Я помню море пред грозою,
Как я завидовал волнам,
Бегущим бурной чередою
С любовью лечь к ее ногам…
Это напишется много позже, и хотя поэт хотел, как будто сказать только о красоте и своем поклонении красоте, сказалось гораздо больше: недаром море предгрозовое и недаром волны бегут, не ластясь, не сияя, но бурной чередою. Он создал и в этих кратких строчках характер. Непреднамеренно, может быть.
Но это – потом, сейчас же, отдав дань романтической грусти, Пушкин чувствует себя счастливым в кругу счастливого семейства. Невозможно, чтоб он не сравнивал, а сравнивая, видел разницу между тем безалаберным, скудным бытом, что окружал его в детстве, и приветливой достойностью дома Раевских.
Когда генерал входил утром в столовую и луч солнца, пробиваясь сквозь густые ветви трех молодых лавров, солдатиками стоявших под окном, ложился на румяную, грубо заросшую бакенбардой щеку старика, на белую скатерть, на медный бок самовара – Пушкину казалось: не может случиться ничего плохого. Генерал, усаживаясь, ширил руки на столе, оглядывал домашних и так же внимательно – Александра. Нет, ничего не могло случиться плохого. Надо было, забыв о краткости отсрочки, купаться в море, подбегать к взлохмаченному ветром кипарису под окном, пробираться по горным сыпучим тропинкам и вдыхать томительные, как предчувствие, запахи остывающего лета.

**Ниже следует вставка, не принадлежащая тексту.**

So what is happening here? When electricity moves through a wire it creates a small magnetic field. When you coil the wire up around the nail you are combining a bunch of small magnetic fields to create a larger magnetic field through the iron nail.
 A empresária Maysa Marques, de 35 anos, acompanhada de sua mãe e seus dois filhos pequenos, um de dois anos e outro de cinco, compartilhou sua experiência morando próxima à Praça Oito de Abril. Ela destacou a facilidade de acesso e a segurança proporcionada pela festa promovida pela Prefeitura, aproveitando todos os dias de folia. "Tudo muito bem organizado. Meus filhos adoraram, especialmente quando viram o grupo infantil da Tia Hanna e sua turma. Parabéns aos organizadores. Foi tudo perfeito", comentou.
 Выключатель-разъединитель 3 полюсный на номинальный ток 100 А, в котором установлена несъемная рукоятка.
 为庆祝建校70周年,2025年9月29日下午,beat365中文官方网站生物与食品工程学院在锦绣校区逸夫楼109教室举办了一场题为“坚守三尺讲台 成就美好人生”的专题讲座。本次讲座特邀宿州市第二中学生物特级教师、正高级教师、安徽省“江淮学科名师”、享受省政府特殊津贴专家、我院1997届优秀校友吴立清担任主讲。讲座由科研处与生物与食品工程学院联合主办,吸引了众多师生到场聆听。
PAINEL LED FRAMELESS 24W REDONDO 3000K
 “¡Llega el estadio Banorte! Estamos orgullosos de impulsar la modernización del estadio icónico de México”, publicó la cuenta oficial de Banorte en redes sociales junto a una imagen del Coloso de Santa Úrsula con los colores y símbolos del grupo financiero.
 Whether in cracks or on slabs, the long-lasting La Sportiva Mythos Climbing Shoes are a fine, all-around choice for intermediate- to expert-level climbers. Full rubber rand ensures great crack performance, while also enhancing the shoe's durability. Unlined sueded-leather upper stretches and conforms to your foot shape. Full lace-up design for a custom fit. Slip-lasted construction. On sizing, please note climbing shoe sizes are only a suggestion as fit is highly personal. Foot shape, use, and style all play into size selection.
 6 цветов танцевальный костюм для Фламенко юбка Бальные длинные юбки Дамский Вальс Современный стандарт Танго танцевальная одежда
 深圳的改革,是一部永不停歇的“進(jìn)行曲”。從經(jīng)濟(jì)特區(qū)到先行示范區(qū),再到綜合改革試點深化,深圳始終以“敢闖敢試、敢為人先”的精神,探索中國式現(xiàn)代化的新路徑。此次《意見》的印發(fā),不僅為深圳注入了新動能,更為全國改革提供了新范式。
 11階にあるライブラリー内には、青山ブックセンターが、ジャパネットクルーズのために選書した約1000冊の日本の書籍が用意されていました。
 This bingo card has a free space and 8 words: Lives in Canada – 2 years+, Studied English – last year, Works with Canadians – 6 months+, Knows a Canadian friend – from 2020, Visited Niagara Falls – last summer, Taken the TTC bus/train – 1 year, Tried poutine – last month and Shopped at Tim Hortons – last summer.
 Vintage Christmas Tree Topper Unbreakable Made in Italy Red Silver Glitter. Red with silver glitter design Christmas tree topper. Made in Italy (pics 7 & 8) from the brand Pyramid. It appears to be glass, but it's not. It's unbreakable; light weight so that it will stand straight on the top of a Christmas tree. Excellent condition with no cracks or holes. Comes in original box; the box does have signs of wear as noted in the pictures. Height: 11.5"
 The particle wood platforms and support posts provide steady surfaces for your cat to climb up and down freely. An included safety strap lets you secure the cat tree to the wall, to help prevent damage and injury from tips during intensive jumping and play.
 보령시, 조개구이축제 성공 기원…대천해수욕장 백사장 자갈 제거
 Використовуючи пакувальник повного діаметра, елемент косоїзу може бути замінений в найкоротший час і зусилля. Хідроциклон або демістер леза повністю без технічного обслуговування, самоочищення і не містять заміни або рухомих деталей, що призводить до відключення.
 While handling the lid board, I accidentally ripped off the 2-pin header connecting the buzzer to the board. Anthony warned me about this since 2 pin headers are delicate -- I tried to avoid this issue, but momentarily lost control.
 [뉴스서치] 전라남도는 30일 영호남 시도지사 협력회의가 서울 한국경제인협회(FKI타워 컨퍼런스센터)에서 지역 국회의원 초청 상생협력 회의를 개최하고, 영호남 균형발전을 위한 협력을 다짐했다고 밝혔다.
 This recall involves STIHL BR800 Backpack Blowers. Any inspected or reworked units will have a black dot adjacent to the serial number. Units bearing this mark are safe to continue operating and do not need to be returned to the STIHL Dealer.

Впрочем, царившую в доме атмосферу женского очарования и мужского острого ума Пушкин вдыхал, я думаю, и впитывал еще неутомимей. Он знал цену Раевскому-генералу, герою двенадцатого года, и оттого отеческая ласка казалась еще ценнее. Рука, на минуту задержавшаяся на курчавой, низко стриженной его голове, была рукой человека, спасавшего отечество. Голос, слышный из сада и предлагавший подождать к завтраку Александра, был голосом человека, который отказался от громких титулов, предложенных государем, на том основании, что он и так Раевский…
Пушкин к тому времени уже написал «Деревню» и оду «Вольность», настроил против себя самодержца, но оставался при том почти мальчиком, как и следовало в его годы. А дом Раевских был полон женщин – по образованию, гражданским убеждениям, девочек по летам… О Екатерине Раевской в письме к брату Пушкин сказал: "Старшая – женщина необыкновенная". Елене, безнадежно больной и оттого особо трогательной, посвящены чуть ли не самые нежные строки его молодой лирики: "Смотрю на все ее движенья, внимаю каждый звук речей – и миг единый разлученья ужасен для души моей". А мысли о Марии не укладывались ни в короткую реплику, ни в одно определенное стихотворение.
Подумать только, как много досталось нам из-за того, что Пушкин познакомился с Раевскими! Я ни на минуту не забываю также, что все это случилось на крымской земле, и точно такие же тополя (тогда говорили: тoполи) осеняли долину, и точно так же покрытый пухом ломонос полз по каменным россыпям. А вот и тропинка, по которой "за нею по наклону гор он шел дорогой неизвестной".
Или тропинки не живут по полтора века? Ведь каждое поколение прокладывает свои. Однако след той девочки, с которой вместе поэт подбегал к волнам или взбирался на ближайшие, пышущие зноем холмы, не стерся ни в русской истории, ни в русской литературе.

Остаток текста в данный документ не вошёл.